Não que eu concorde com isso, mas é a premissa básica para acompanharmos suas obras, senão, iremos passar dias pensando e rejeitando o estupro de uma mulher em coma como em Fale com Ela, por exemplo. Então, a morte do marido de Raimunda e a forma como ela encobre seu corpo torna-se aceitável. Compramos aquele universo fílmico. Volver é também a volta do diretor ao universo feminino, após Fale com Ela e Má Educação, centrados em personagens masculinos. E demonstra que este é mesmo seu melhor estilo, já que o filme seguinte perde muito em relação ao conjunto da obra.

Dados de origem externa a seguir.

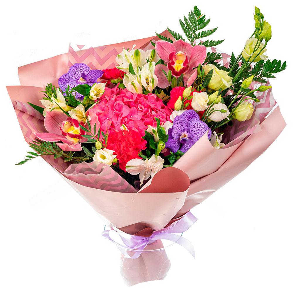 На фото представлен образец. Объем букета зависит от выбранного вами размера. Точное количество цветов и цветовую гамму вы можете уточнить у менеджера по телефону.
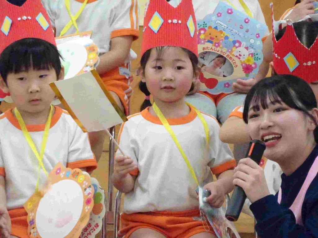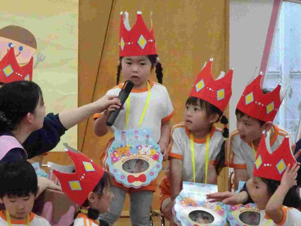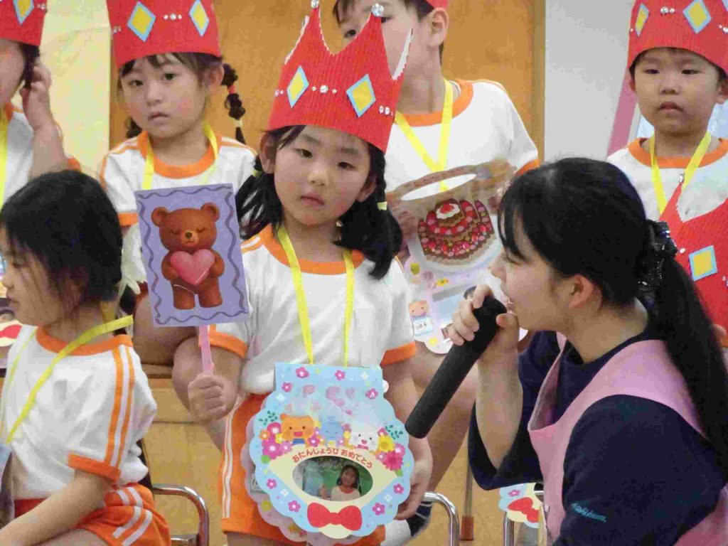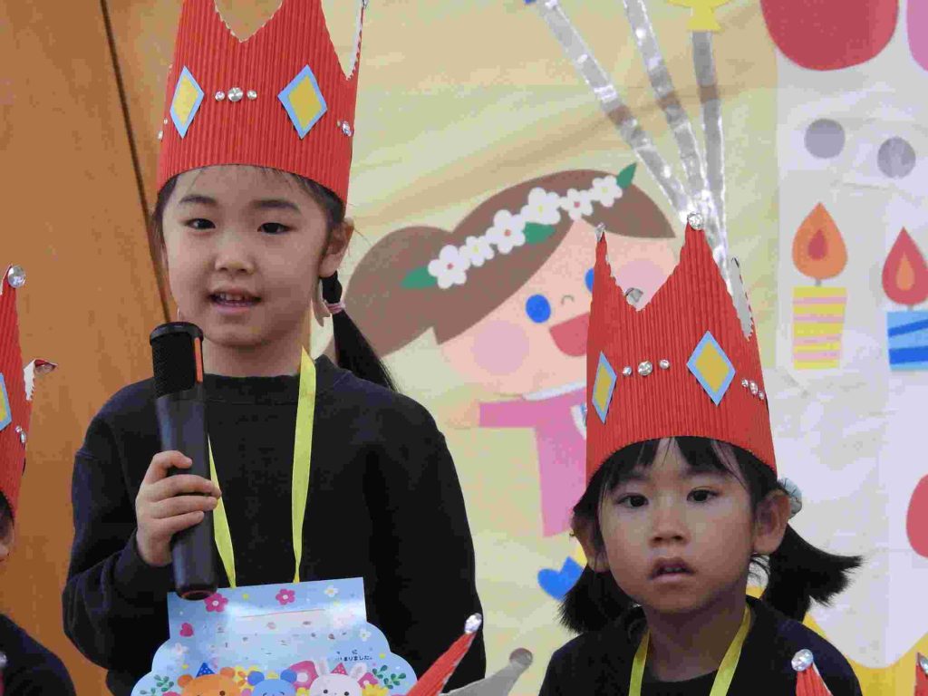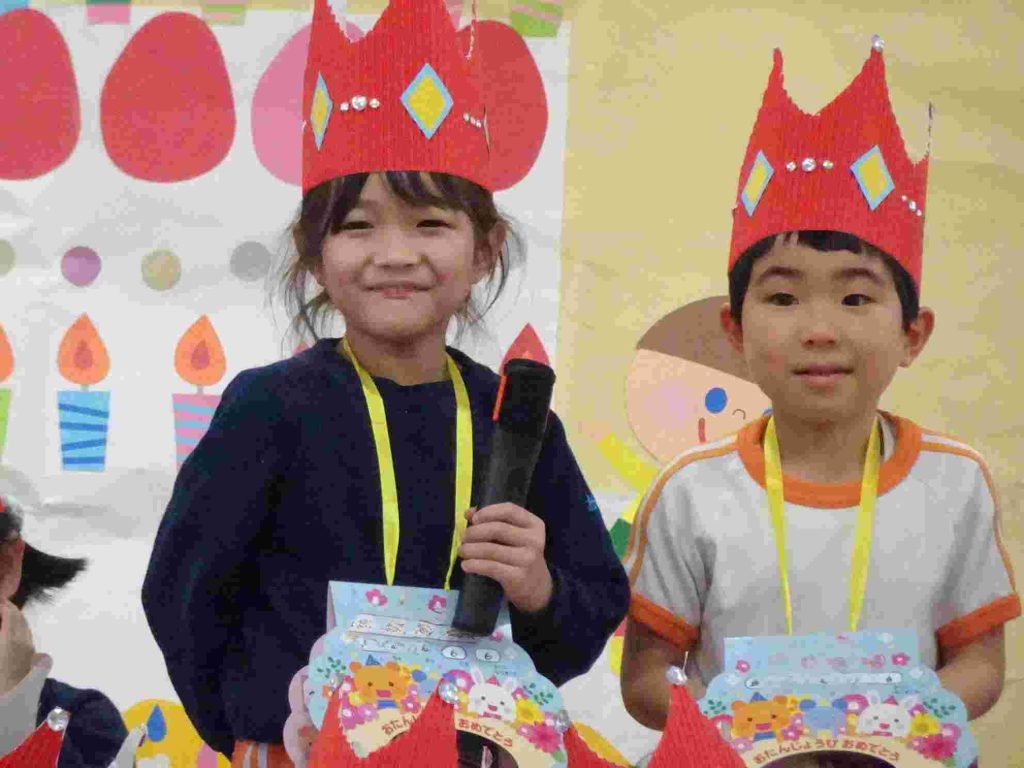 今日は1月、2月のお誕生日会でした。1月はインフルエンザ拡大防止のため、お誕生日会は行いませんでした。今日は、インフルエンザでお休みの園児はいませんでした。1月2月生まれの園児は質問に一生懸命答えました。ちなみに園長の質問は「好きなプリンセスは誰ですか?」でした。
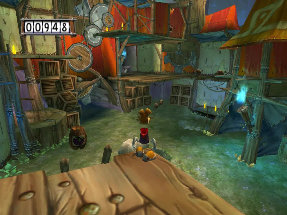 Pierwszym z nich jest jazda na bucie, polegająca na podążaniu za drugim butem i uderzaniu go. W praktyce wygląda to tak, że Rayman zmniejsza się do rozmiarów prawie że ziarenka ryżu, ląduje w jednym bucie, ściga drugi i go atakuje do wyczerpania sił. Po ostatecznym skopaniu wraca do normalnej postaci i zdobywa jedną z wcześniej znanych puszek, by móc iść dalej. Kolejnym wyzwaniem, które dobrze pamiętam jest pokonanie Mrokluma z tarczą. Przyznam, że był to jeden z najtrudniejszych etapów w całej grze. By go pokonać, trzeba było skakać i jednocześnie celować w bok. Tutaj trzeba było po prostu pomyśleć, jak celnie trafić w przeciwnika, unikając drewnianej osłony.
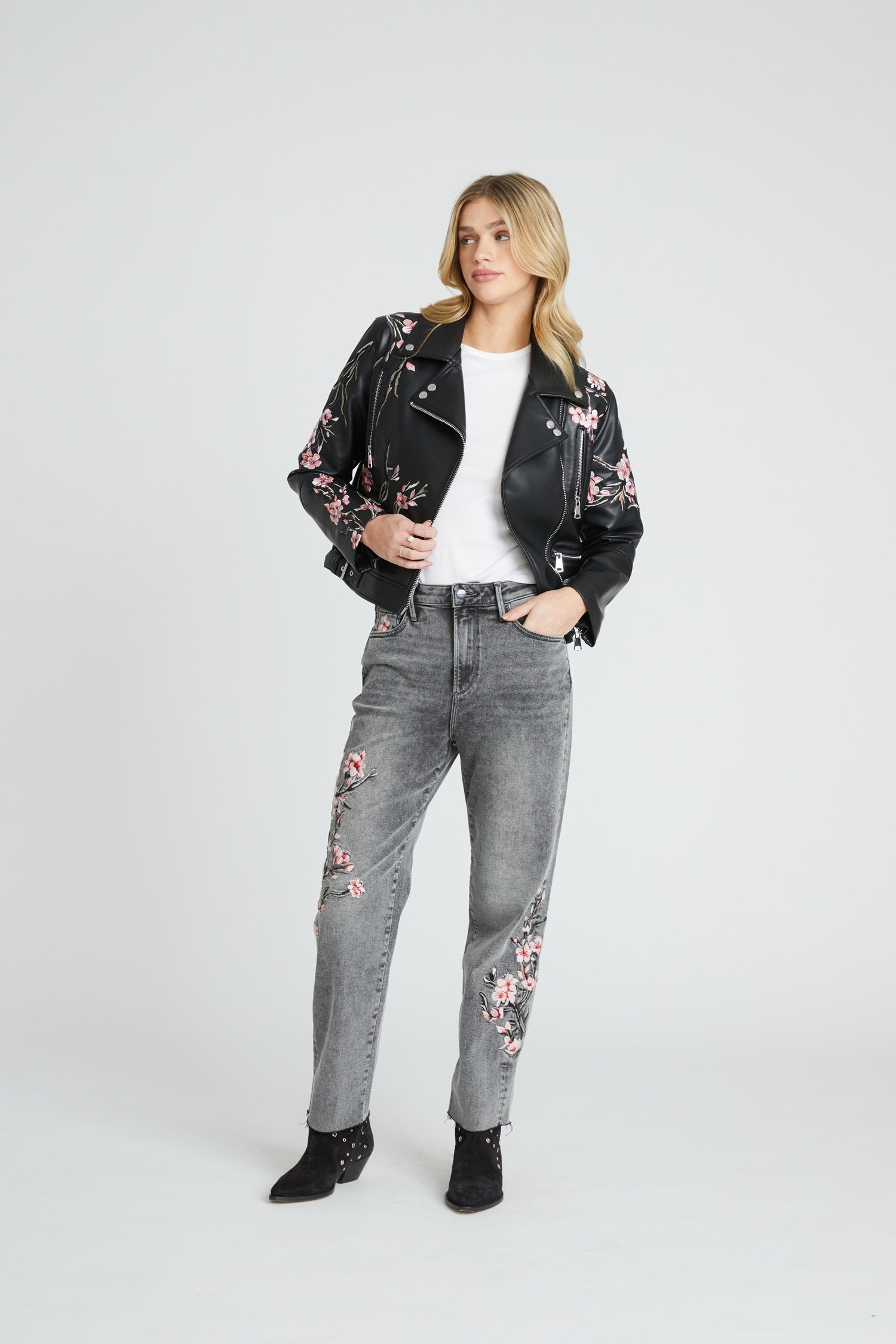 The Royce Straight in Sakura brings soft femininity to an everyday favorite. This grey wash denim is accented with cherry blossom embroidery in shades of pink and ivory, positioned along the leg for an elegant, eye-catching detail. Subtle fading gives the wash a naturally lived-in feel, while the straight leg cut keeps the silhouette clean and versatile. Comfortable stretch denim ensures an easy fit that moves with you throughout the day.
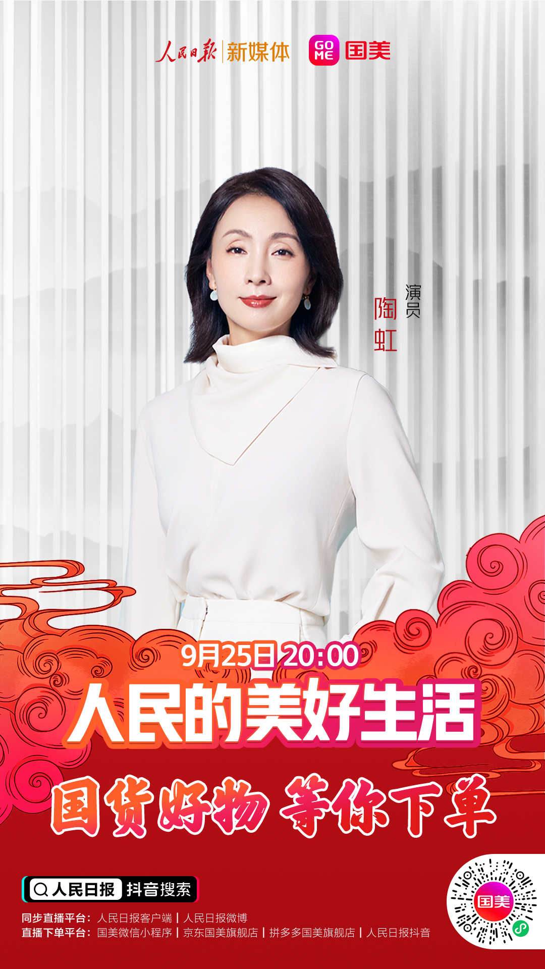 9月25日(周五)晚20點,鎖定人民日報抖音號、國美商城抖音號、國美微信小程序、國美京東旗艦店、國美拼多多旗艦店,關(guān)注直播,國貨好物,等你下單!人民的美好生活,不能少了你?。ǔ\娖剑?/p>

A história é centrada em Raimunda e Sole, duas irmãs órfãs que compartilham a dor dos pais terem morrido em um incêndio e sua tia estar à beira da morte. Raimunda é uma mulher de personalidade forte e um passado traumático, que vive com seu marido e sua filha de catorze anos em Madri. Sole é uma mulher solteira e solitária que vive de um salão clandestino em sua própria casa. Tudo se complica com duas mortes em paralelo. Raimunda encontra o marido morto na cozinha de casa, esfaqueado por sua filha que se defendia de um abuso sexual, ao mesmo tempo que tenta encobrir o crime, fica sabendo que sua tia Paula enfim desencarnara. Sole vai ao enterro sozinha, enquanto Raimunda tenta se livrar do corpo do marido e proteger a filha. Para complicar ainda mais, Sole volta do pequeno vilarejo natal com o fantasma de sua mãe. Completando o quadro, temos a vizinha da família, que está com câncer e quer que Raimunda desvende com o fantasma da mãe um mistério do passado.

Aliás, vendo Volver é fácil entender porque Penélope Cruz virou musa do diretor e de todos os temas latinos. A atriz está completamente solta no papel, sensual, bela, intensa como nunca tinha visto antes. Compreender Raimunda é uma tarefa bonita. Assim como Carmen Maura mereceu o prêmio de melhor atriz em Cannes pelo papel. A intensidade com que constrói Irene é de se aplaudir. Aliás, todo o elenco está muito bem no final das contas.
Volver é um filme feminino em sua essência, os homens são meros coadjuvantes, quase não aparecem em cena. Toda a trama é conduzida por elas. Talvez por isso, os espanhóis reclamem tanto do diretor. Eu adorei. Como adoro a maioria das obras de Almodóvar.